EXTRACTED DATA START
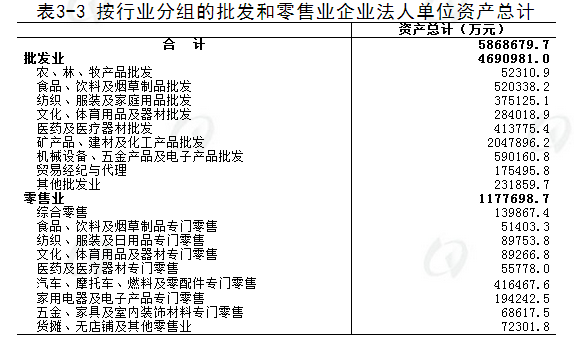 2013年末,批发和零售业企业法人单位资产总计586.87亿元,比2008年末增长136.5%。其中,批发业企业法人单位资产总计469.10亿元,零售业企业法人单位资产总计117.77亿元,分别比2008年末增长140.5%和122.0%(详见表3-3)。
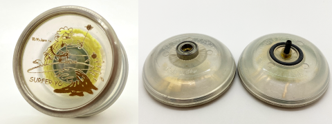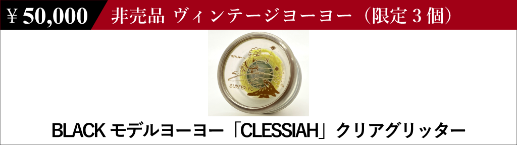 BLACKモデルヨーヨー「CLESSIAH」クリアグリッター: 2004年から2005年にかけて米YoYoJam社より販売された、BLACKモデルヨーヨー「CLESSIAH」。当時は白色、限定の大理石色の2色のみが展開されていましたが、工場の手違いでクリアグリッター(ラメ入り透明色)が少量生産されていました。当時は混乱を避けるため全数をBLACKが買い取りましたが、本企画の御礼品としてお送りさせていただきます。限定3個、ヴィンテージ品につき経年劣化等はご了承ください。
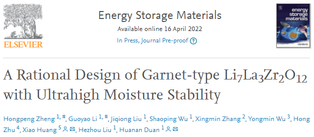 Zheng H, Li G, Liu J, et al. A Rational Design of Garnet-Type Li7la3zr2o12 with Ultrahigh Moisture Stability[J]. Energy Storage Materials
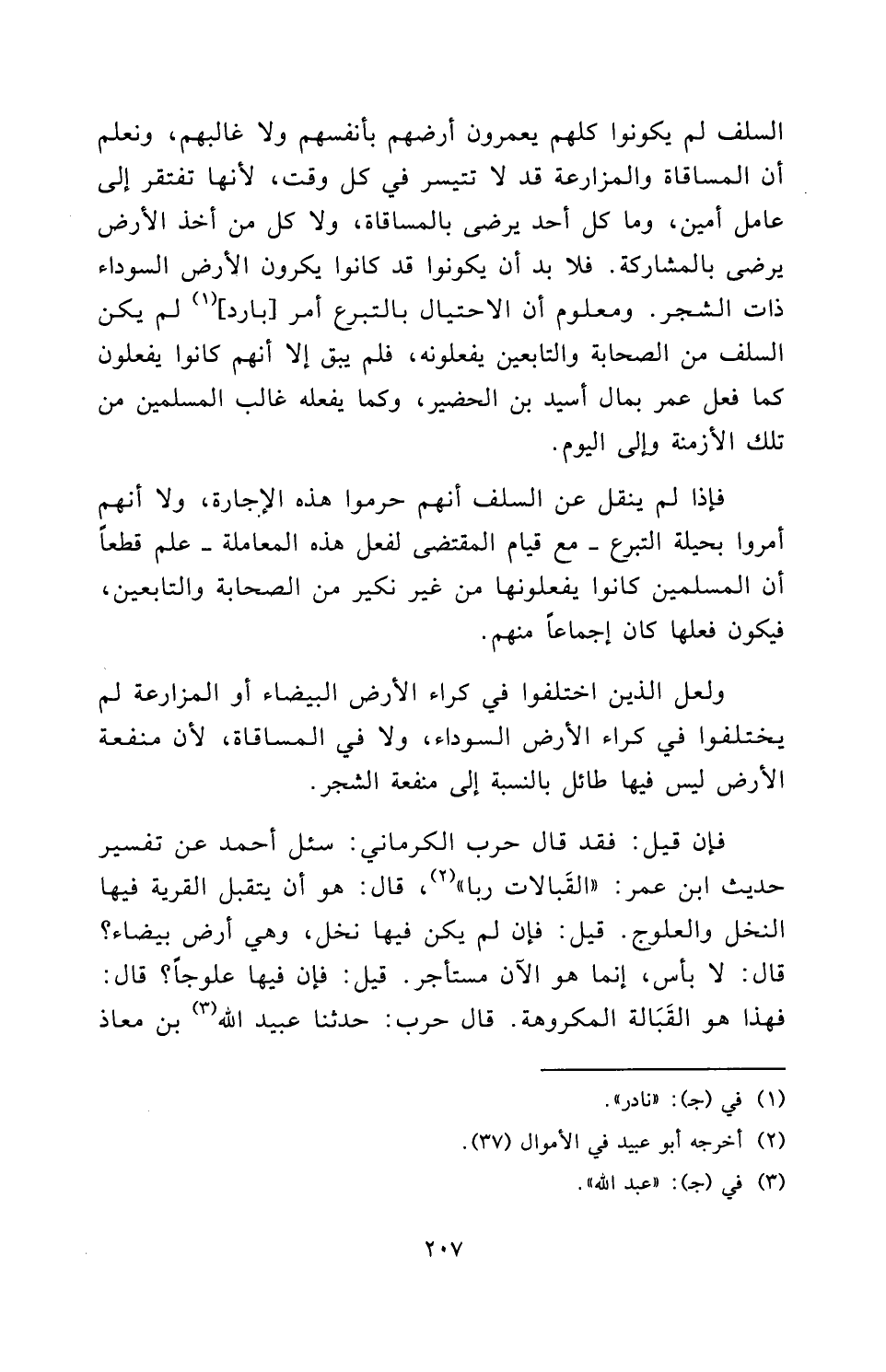 السَّلَفَ لَمْ يَكُونُوا كُلُّهُمْ يَعْمُرُونَ أَرْضَهُمْ بِأَنْفُسِهِمْ وَلَا غَالِبُهُمْ، وَنَعْلَمُ أَنَّ الْمُسَاقَاةَ وَالْمُزَارَعَةَ لَا تَتَيَسَّرُ فِي كُلِّ وَقْتٍ ; لِأَنَّهَا تَفْتَقِرُ إِلَى عَامِلٍ أَمِينٍ، وَمَا كُلُّ أَحَدٍ يَرْضَى بِالْمُسَاقَاةِ، وَلَا كُلُّ مَنْ أَخَذَ الْأَرْضَ يَرْضَى بِالْمُشَارَكَةِ، فَلَا بُدَّ أَنْ يَكُونُوا قَدْ كَانُوا يُكْرُونَ الْأَرْضَ السَّوْدَاءَ ذَاتَ الشَّجَرِ، وَمَعْلُومٌ أَنَّ الِاحْتِيَالَ بِالتَّبَرُّعِ أَمْرٌ [بَارِدٌ] لَمْ يَكُنِ السَّلَفُ مِنَ الصَّحَابَةِ وَالتَّابِعِينَ يَفْعَلُونَهُ، فَلَمْ يَبْقَ إِلَّا أَنَّهُمْ كَانُوا يَفْعَلُونَ كَمَا فَعَلَ عمر بِمَالِ أُسَيْدِ بْنِ الْحُضَيْرِ، وَكَمَا يَفْعَلُهُ غَالِبُ الْمُسْلِمِينَ مِنْ تِلْكَ الْأَزْمِنَةِ وَإِلَى الْيَوْمِ.
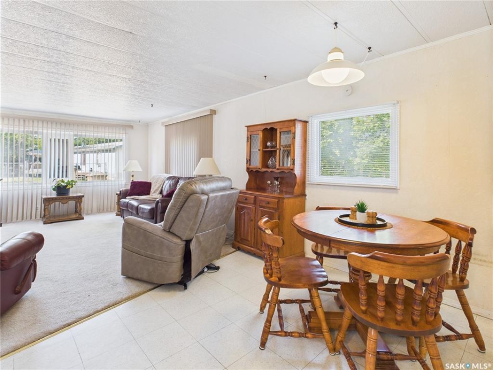 Welcome to this beautifully maintained 2-bedroom, 1-bath mobile home in Eastview Trailer Park! Bright, clean, and move-in ready, this home offers an affordable opportunity to step into homeownership or downsize in comfort. With a spacious layout, great natural light, a well-cared-for interior, and a carport, this property is perfect for someone looking for low-maintenance living in a quiet community. Quick possession is available and it comes with most of the furniture pictured. Literally turn the key, move in and make it your own! Contact your favourite realtor to book a showing now!
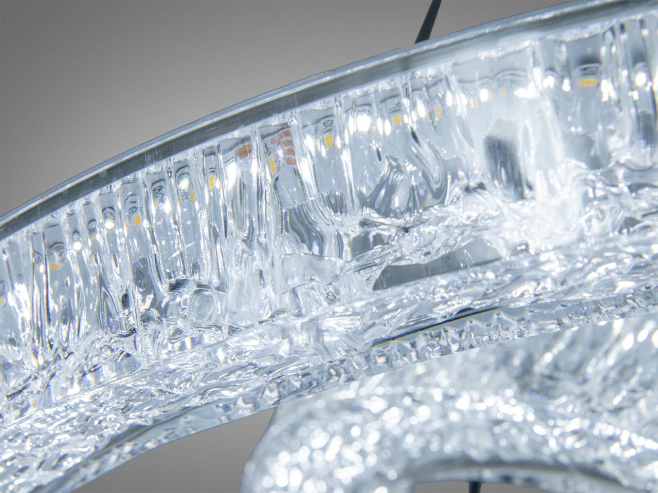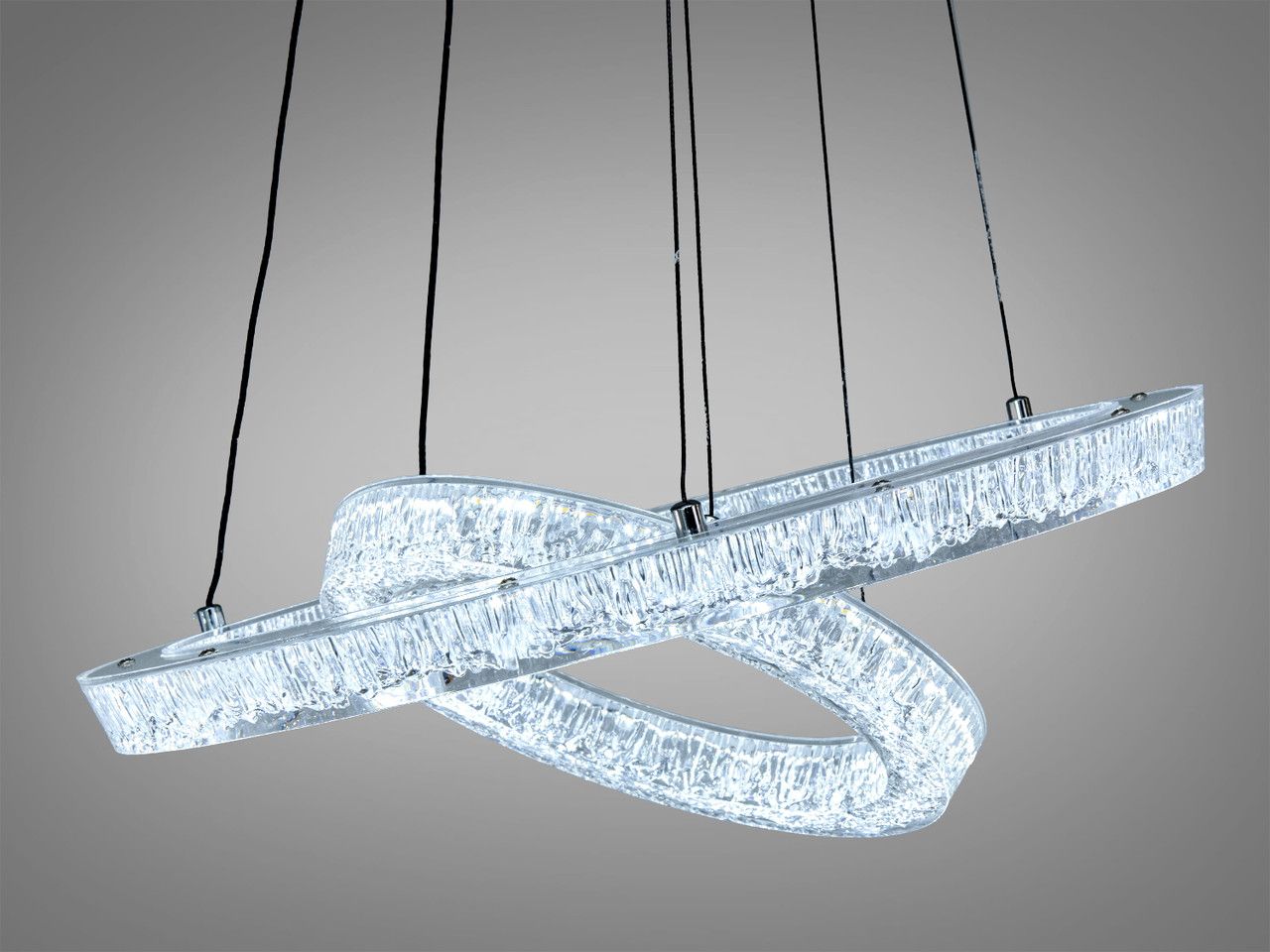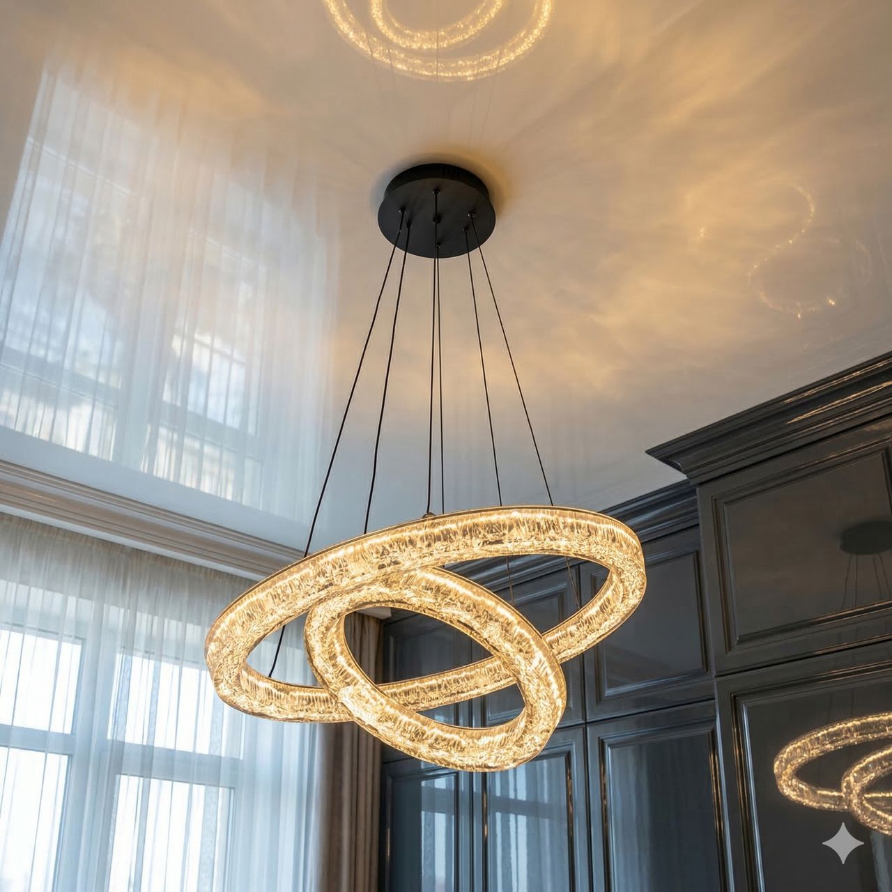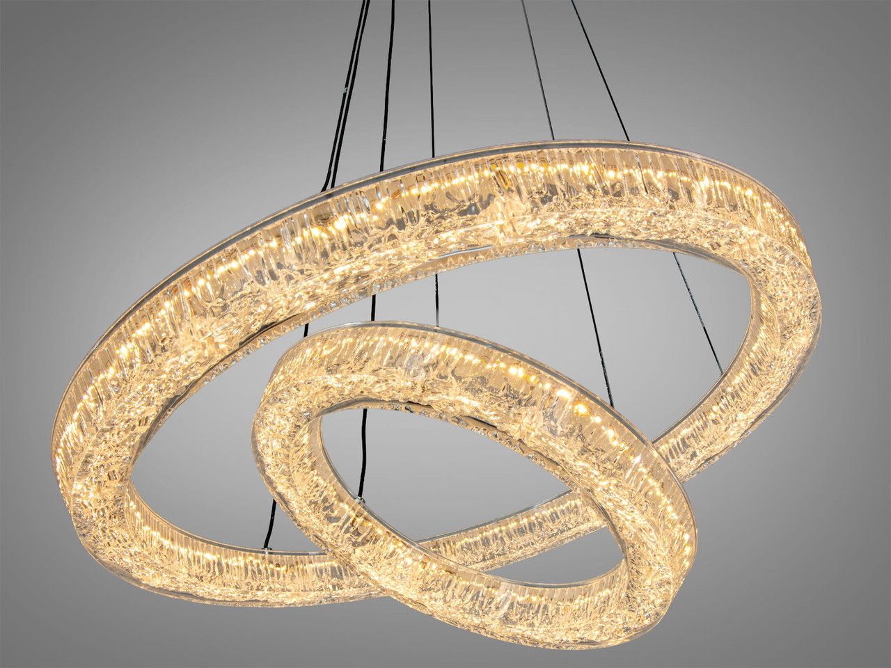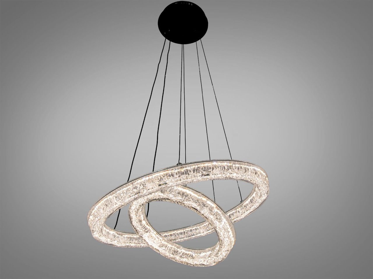 Дизайн люстри базується на поєднанні двох незалежних світлових кілець діаметром 50 см та 30 см. Металевий каркас вкритий якісним чорним гальванічним покриттям, що створює чіткий архітектурний силует на фоні стелі. Головною особливістю є розсіювачі з акрилу з внутрішньою кристалічною фактурою (ефект «колотого льоду»). При увімкненні світлодіодної стрічки промені багаторазово заломлюються у гранях акрилу, створюючи іскристе сяйво. Система підвісів дозволяє регулювати висоту кожного кільця окремо, що дає змогу створювати каскадні, паралельні або переплетені світлові сценарії.
EXTRACTED DATA END
> _ACTIVITY_:
Quote every record above exactly, leaving out the pictures.

> _COMPLETED EXERCISE_:
 2013年末,批发和零售业企业法人单位资产总计586.87亿元,比2008年末增长136.5%。其中,批发业企业法人单位资产总计469.10亿元,零售业企业法人单位资产总计117.77亿元,分别比2008年末增长140.5%和122.0%(详见表3-3)。
 BLACKモデルヨーヨー「CLESSIAH」クリアグリッター: 2004年から2005年にかけて米YoYoJam社より販売された、BLACKモデルヨーヨー「CLESSIAH」。当時は白色、限定の大理石色の2色のみが展開されていましたが、工場の手違いでクリアグリッター(ラメ入り透明色)が少量生産されていました。当時は混乱を避けるため全数をBLACKが買い取りましたが、本企画の御礼品としてお送りさせていただきます。限定3個、ヴィンテージ品につき経年劣化等はご了承ください。
 Zheng H, Li G, Liu J, et al. A Rational Design of Garnet-Type Li7la3zr2o12 with Ultrahigh Moisture Stability[J]. Energy Storage Materials
 السَّلَفَ لَمْ يَكُونُوا كُلُّهُمْ يَعْمُرُونَ أَرْضَهُمْ بِأَنْفُسِهِمْ وَلَا غَالِبُهُمْ، وَنَعْلَمُ أَنَّ الْمُسَاقَاةَ وَالْمُزَارَعَةَ لَا تَتَيَسَّرُ فِي كُلِّ وَقْتٍ ; لِأَنَّهَا تَفْتَقِرُ إِلَى عَامِلٍ أَمِينٍ، وَمَا كُلُّ أَحَدٍ يَرْضَى بِالْمُسَاقَاةِ، وَلَا كُلُّ مَنْ أَخَذَ الْأَرْضَ يَرْضَى بِالْمُشَارَكَةِ، فَلَا بُدَّ أَنْ يَكُونُوا قَدْ كَانُوا يُكْرُونَ الْأَرْضَ السَّوْدَاءَ ذَاتَ الشَّجَرِ، وَمَعْلُومٌ أَنَّ الِاحْتِيَالَ بِالتَّبَرُّعِ أَمْرٌ [بَارِدٌ] لَمْ يَكُنِ السَّلَفُ مِنَ الصَّحَابَةِ وَالتَّابِعِينَ يَفْعَلُونَهُ، فَلَمْ يَبْقَ إِلَّا أَنَّهُمْ كَانُوا يَفْعَلُونَ كَمَا فَعَلَ عمر بِمَالِ أُسَيْدِ بْنِ الْحُضَيْرِ، وَكَمَا يَفْعَلُهُ غَالِبُ الْمُسْلِمِينَ مِنْ تِلْكَ الْأَزْمِنَةِ وَإِلَى الْيَوْمِ.
 Welcome to this beautifully maintained 2-bedroom, 1-bath mobile home in Eastview Trailer Park! Bright, clean, and move-in ready, this home offers an affordable opportunity to step into homeownership or downsize in comfort. With a spacious layout, great natural light, a well-cared-for interior, and a carport, this property is perfect for someone looking for low-maintenance living in a quiet community. Quick possession is available and it comes with most of the furniture pictured. Literally turn the key, move in and make it your own! Contact your favourite realtor to book a showing now!
 Дизайн люстри базується на поєднанні двох незалежних світлових кілець діаметром 50 см та 30 см. Металевий каркас вкритий якісним чорним гальванічним покриттям, що створює чіткий архітектурний силует на фоні стелі. Головною особливістю є розсіювачі з акрилу з внутрішньою кристалічною фактурою (ефект «колотого льоду»). При увімкненні світлодіодної стрічки промені багаторазово заломлюються у гранях акрилу, створюючи іскристе сяйво. Система підвісів дозволяє регулювати висоту кожного кільця окремо, що дає змогу створювати каскадні, паралельні або переплетені світлові сценарії.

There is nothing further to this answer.